The favorable biocompatibility of this implant material can also be attributed to its porous surface. Porous polyethylene has pores of sufficient size to allow fibrous tissue ingrowth and relative host incorporation, as opposed to the host encapsulation observed with smooth-surfaced implants. Porous polyethylene has a continuous system of inner connecting pores approximately 125 to 250 μm in diameter. Animal studies have demonstrated that pore sizes of more than 100 μm encourage tissue ingrowth, whereas pore sizes of less than 100 μm limit the extent of tissue ingrowth. Materials with pore sizes greater than 300 μm have drawbacks associated with material breakdown. Clinical specimens have demonstrated rapid ingrowth of fibrous tissue after human implantation. Rather than the dense connective tissue capsules observed with smooth-surfaced implants, porous polyethylene implants exhibit a thin connective tissue membrane that is contiguous with the ingrown tissue. It has been noted during revision operations that fibrous tissue ingrowth can be sufficient to result in bleeding when the implants are modified in situ with a scalpel, and in certain circumstances, ingrowth exhibits sufficient vascularity to allow skin grafts to be placed directly over the implant.

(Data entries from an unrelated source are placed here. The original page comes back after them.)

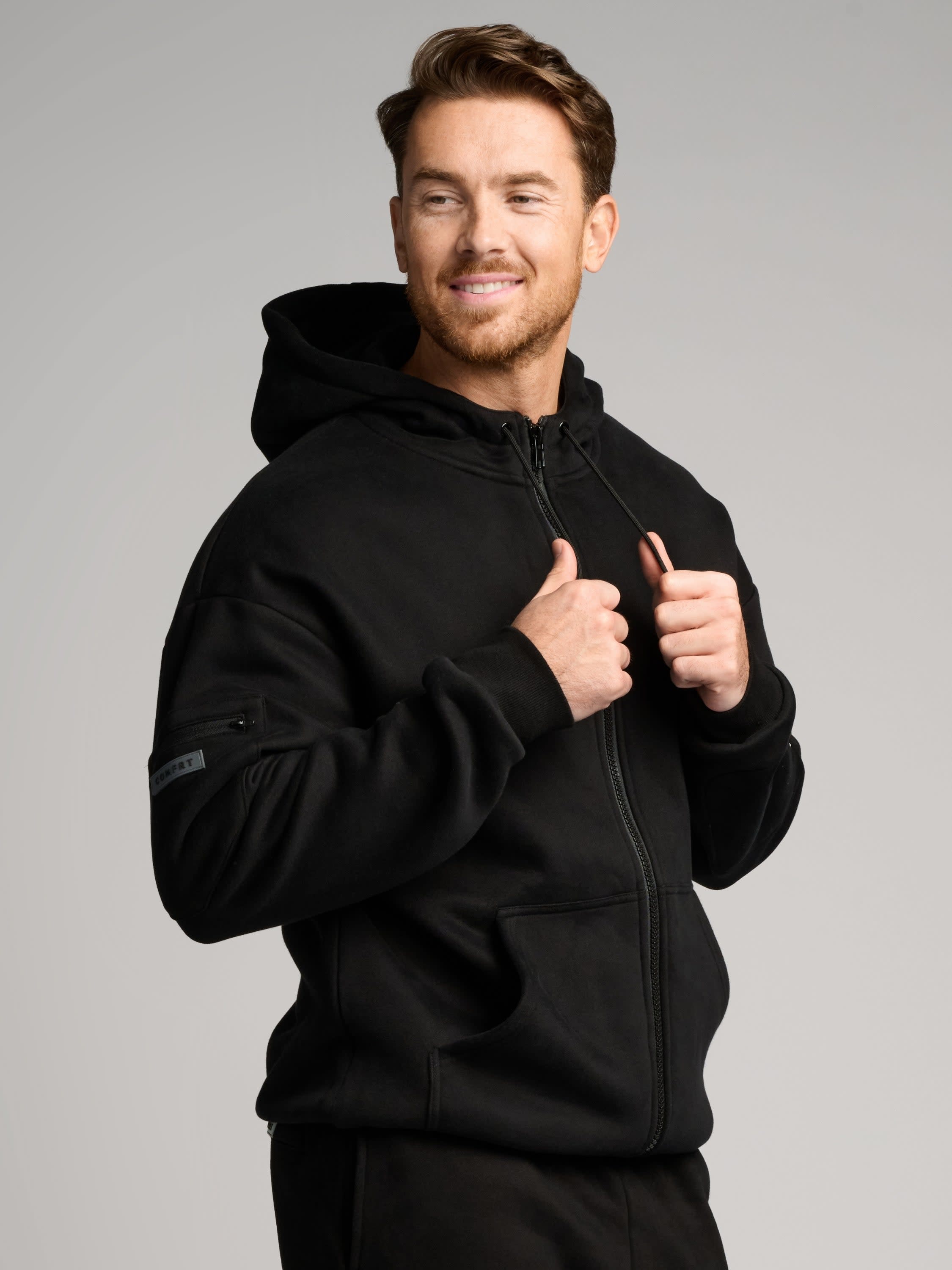 Wrap yourself in Comfrt and unplug with Airplane Mode. Crafted from our signature Super Soft Combed Cotton Blend Heavyweight Fleece, this hoodie delivers effortless comfort from takeoff to landing. The new full-zip construction offers versatility and ease—perfect for layering through every journey.
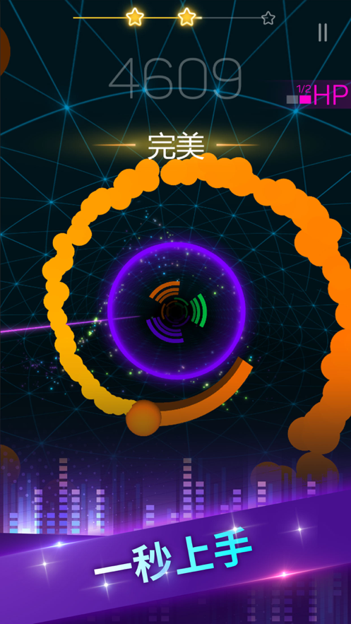 按着歌曲和节奏来进行敲击,并且需要注意圆环当中的颜色,但如果你击中另一个,一切都结束了!
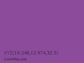 XYZ 19.248,12.974,32.5 Color is a normal purple color and the nearest color is Razzmic Berry #8d4e85. Hex code #8c4b9b and RGB value is rgb(140,75,155). In RGB color space, this color is composed of 55% red, 29% green, 61% blue, In CMYK color space, this color is composed of 10% cyan, 52% magenta, 0% yellow , 39% black , In HSL color space, this color has a hue angle of 289° , 35% saturation and 45% lightness.

Fibrous tissue ingrowth improves the biocompatibility of porous implants because it limits their movement. Movement is an essential factor in determining the host response to an implant. Because the host foreign body reaction encapsulates smooth-surface implants, a smooth implant never binds to the host bed and therefore is predisposed to move. Encapsulation of smooth implants and their subsequent predisposition to movement are directly or indirectly responsible for the majority of the late complications observed with smooth implants. When used to augment the chin, smooth silicone implants are known to cause significant bone resorption, which is attributed to implant motion caused by the overlying mentalis muscle. Bone erosion is not clinically significant unless an implant and the subsequent erosion overlies a tooth root. Animal studies have demonstrated that porous implants result in less bone resorption than do smooth implants. Bikhazi and Van Antwerp, in a prospective cephalometric study of five patients undergoing chin augmentation with porous polyethylene implants, did not observe bone resorption beneath the implants. When this author has removed cheek implants at 6 months and chin and mandibular implants at 1 year, the erosion was barely perceptible.
The use of porous implants has been criticized because, unlike smooth implants, they require wider exposure for positioning and are more difficult to remove. Personal preference and the “learning curve” have made both of these problems less significant. Wider exposure has resulted in more accurate implant positioning. Because the initial augmentation has been more satisfactory for the majority of patients, revision surgical procedures have been infrequent. When porous polyethylene implants require removal, dissection directly on the implant minimizes adjacent soft tissue trauma. The absence of a thick fibrous capsule allows the soft tissues to collapse after implant removal, permitting restoration of the preimplant contour. This is not always the case after silicone implant removal, where the fibrous capsule maintains the contour of the implant.
It is important to note that the manufacturer provides multiple implant shapes and sizes intended for specific anatomical areas. It is unusual for the senior author to use an implant without changing its contour (reducing it) to meet the needs of the specific situation ( Fig. 4.4 ).